One of my young client’s absolute favorite holidays was Thanksgiving. Not just because of pecan pie, but because she loved to cook Thanksgiving dinner with her mom. In preparation of meals for the big day she would pretend she had her own catering business. She even named the (fake) business Mama and Me Caterers. This specific holiday was always hosted at her parents’ house and all the relatives would come and enjoy this feast! They made so much food that their relatives started coming with tupperware so they could take home left overs. It was a big joke in the family….everyone was so thankful…because they did not have to cook for a week after the Thanksgiving meal prepared by “Mama and Me Caterers.”
Then her parents got divorced, as many parents do….after the divorce, Christmas was spent with her mom’s side of the family and Thanksgiving was her dad’s side of the family. Most of his family lived in Florida, a plane ride away. She feared this would this be the end of “Mama and Me Caterers.”
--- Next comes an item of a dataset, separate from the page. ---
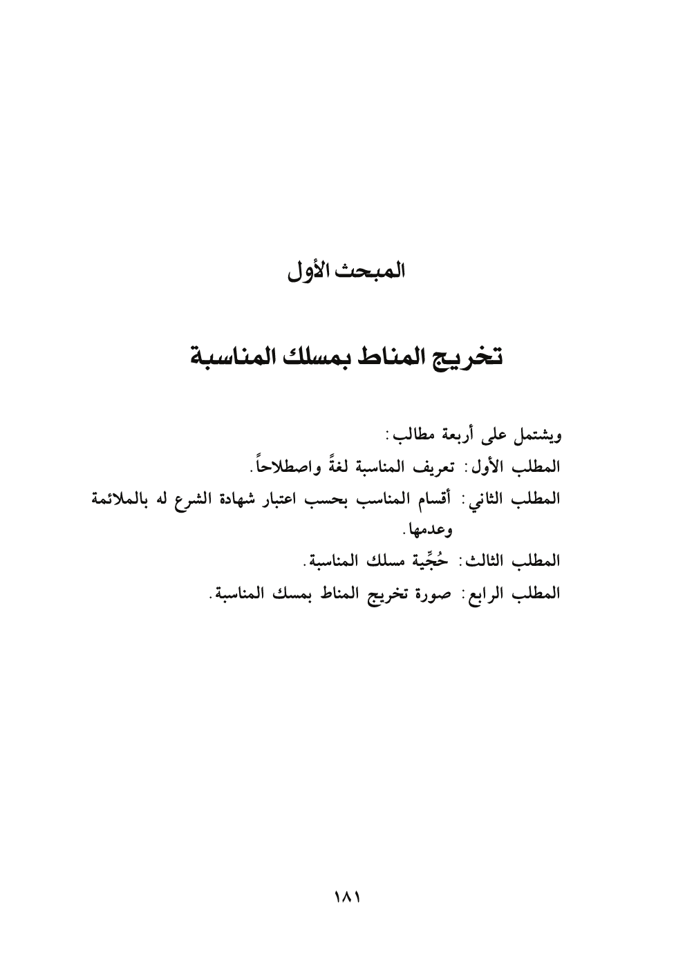 ويشتمل على أربعة مطالب

She had a class assignment in school about being thankful and it was very difficult for her. She was not feeling very thankful and was feeling the loss of her favorite holiday and sadness with the change in her family unit. We focused on Thanksgiving and she realized that the most important part of Thanksgiving was “Mama and Me Caterers.” I asked her if I had a magic wand that would make her thankful, what would have to happen? She said she would love it if “Mama and Me Caterers” could somehow be back into (fake) business. So I waved my (fake) magic wand and…created a second Thanksgiving! Thanksgiving is the always the third Thursday in November. So we called renamed that one “Thanksgiving Two.” Then we created “Thanksgiving One” which is now held on the first Saturday in November for her and her mom’s side of the family.
“Mama and Me Caterers” suddenly back in (fake) business, at full force. It was the same – and even better! Family was invited, but now some special, non-family friends could also come as well which made it even more fun for everyone. The first year they cooked all the same traditional Thanksgiving food that they used to make before the divorce. As the years went on they started to get more creative. Each year they would choose a different country and cook traditional foods from that country.
Even though holidays after divorce can be challenging, they can be just as good or better! Even if things have changed for your family, you can find ways to be thankful with a little creativity and create new traditions. *No magic wand required!!